> **Given entries**
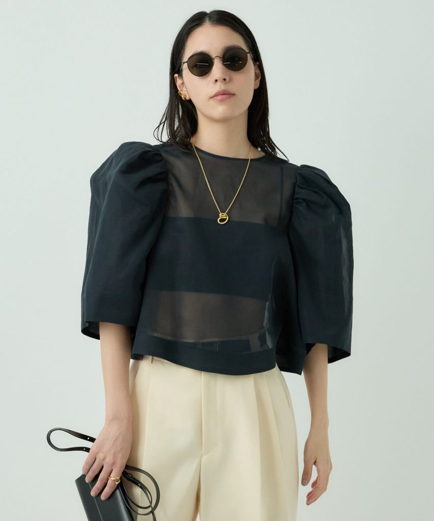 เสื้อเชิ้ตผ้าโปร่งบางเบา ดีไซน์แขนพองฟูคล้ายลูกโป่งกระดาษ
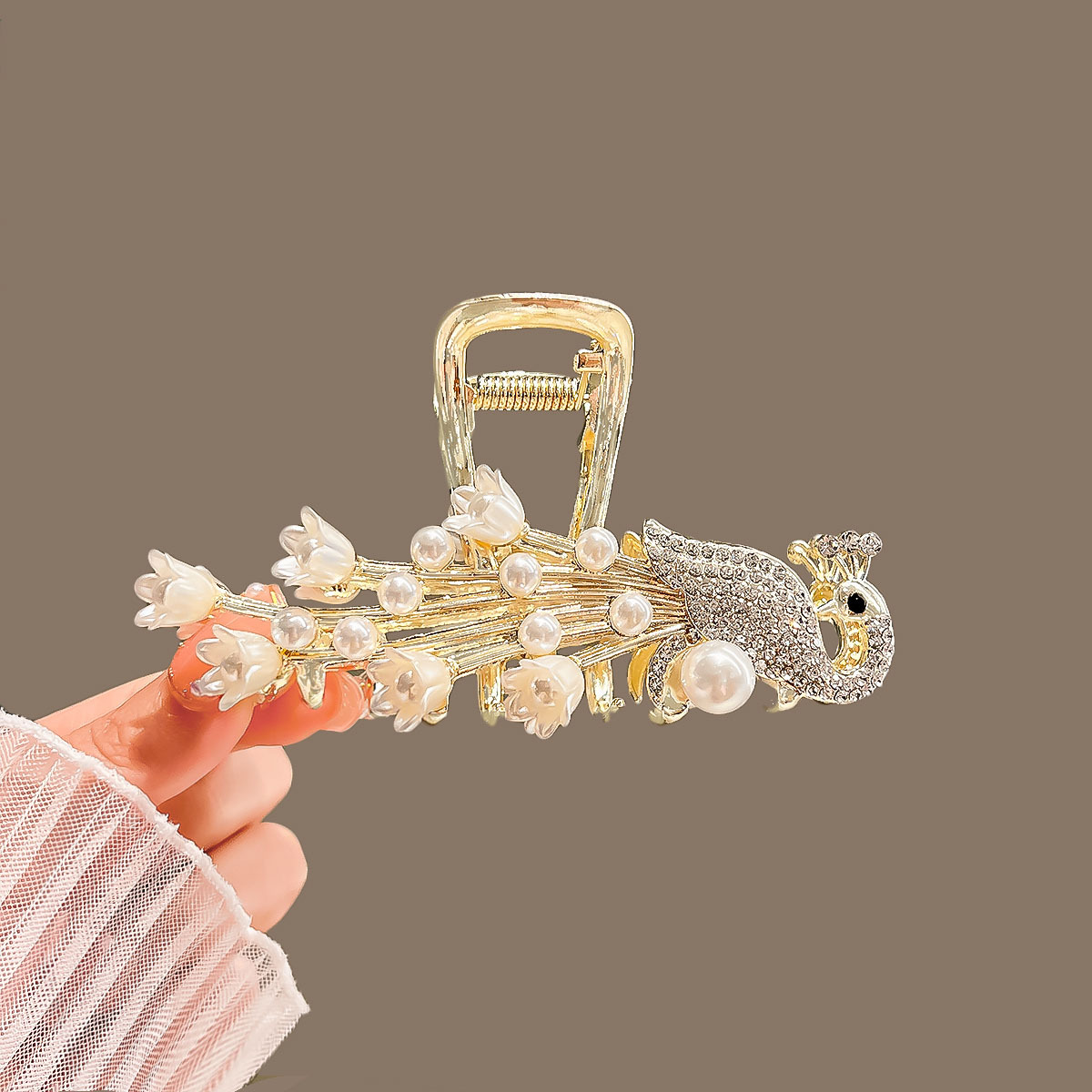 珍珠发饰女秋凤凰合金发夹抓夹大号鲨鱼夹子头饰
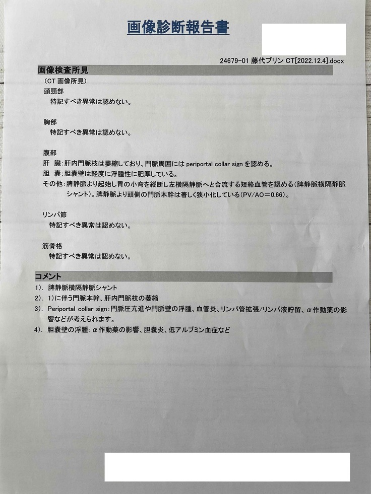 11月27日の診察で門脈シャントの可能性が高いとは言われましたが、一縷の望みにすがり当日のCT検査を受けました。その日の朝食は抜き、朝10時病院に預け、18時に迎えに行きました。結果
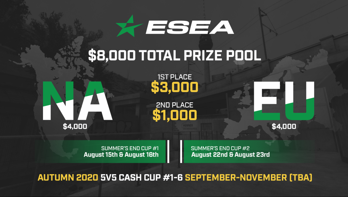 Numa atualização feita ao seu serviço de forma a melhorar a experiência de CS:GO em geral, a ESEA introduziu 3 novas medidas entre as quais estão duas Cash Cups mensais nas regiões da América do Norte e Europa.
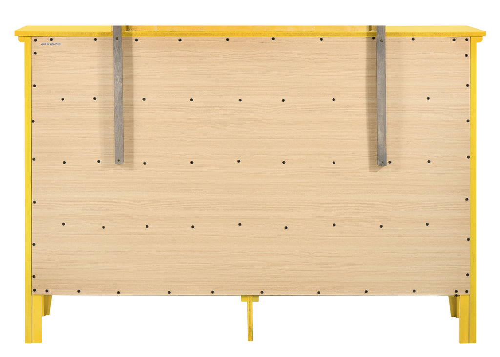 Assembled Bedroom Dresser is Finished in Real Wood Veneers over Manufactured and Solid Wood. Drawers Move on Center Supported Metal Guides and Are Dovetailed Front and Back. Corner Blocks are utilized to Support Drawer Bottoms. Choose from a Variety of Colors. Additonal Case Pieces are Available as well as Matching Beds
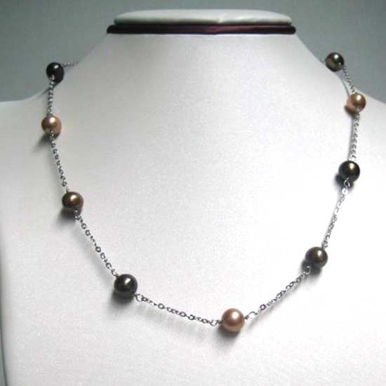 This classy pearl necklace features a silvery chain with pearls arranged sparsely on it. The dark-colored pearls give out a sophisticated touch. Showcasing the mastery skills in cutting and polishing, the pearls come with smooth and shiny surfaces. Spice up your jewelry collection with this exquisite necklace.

* * *

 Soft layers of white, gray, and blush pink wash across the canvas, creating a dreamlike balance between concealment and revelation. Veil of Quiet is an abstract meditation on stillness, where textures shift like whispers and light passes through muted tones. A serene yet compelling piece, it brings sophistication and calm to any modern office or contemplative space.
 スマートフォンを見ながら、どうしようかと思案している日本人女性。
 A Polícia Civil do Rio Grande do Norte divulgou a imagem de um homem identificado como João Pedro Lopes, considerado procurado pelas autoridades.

> **Your instructions**
Pictures do not belong in the answer. Return the lines above starting at the one with "เสื้อเชิ้ตผ้าโ" and ending at the one with "Numa atualização feita", both kept, exactly.

> **Exercise response**
 เสื้อเชิ้ตผ้าโปร่งบางเบา ดีไซน์แขนพองฟูคล้ายลูกโป่งกระดาษ
 珍珠发饰女秋凤凰合金发夹抓夹大号鲨鱼夹子头饰
 11月27日の診察で門脈シャントの可能性が高いとは言われましたが、一縷の望みにすがり当日のCT検査を受けました。その日の朝食は抜き、朝10時病院に預け、18時に迎えに行きました。結果
 Numa atualização feita ao seu serviço de forma a melhorar a experiência de CS:GO em geral, a ESEA introduziu 3 novas medidas entre as quais estão duas Cash Cups mensais nas regiões da América do Norte e Europa.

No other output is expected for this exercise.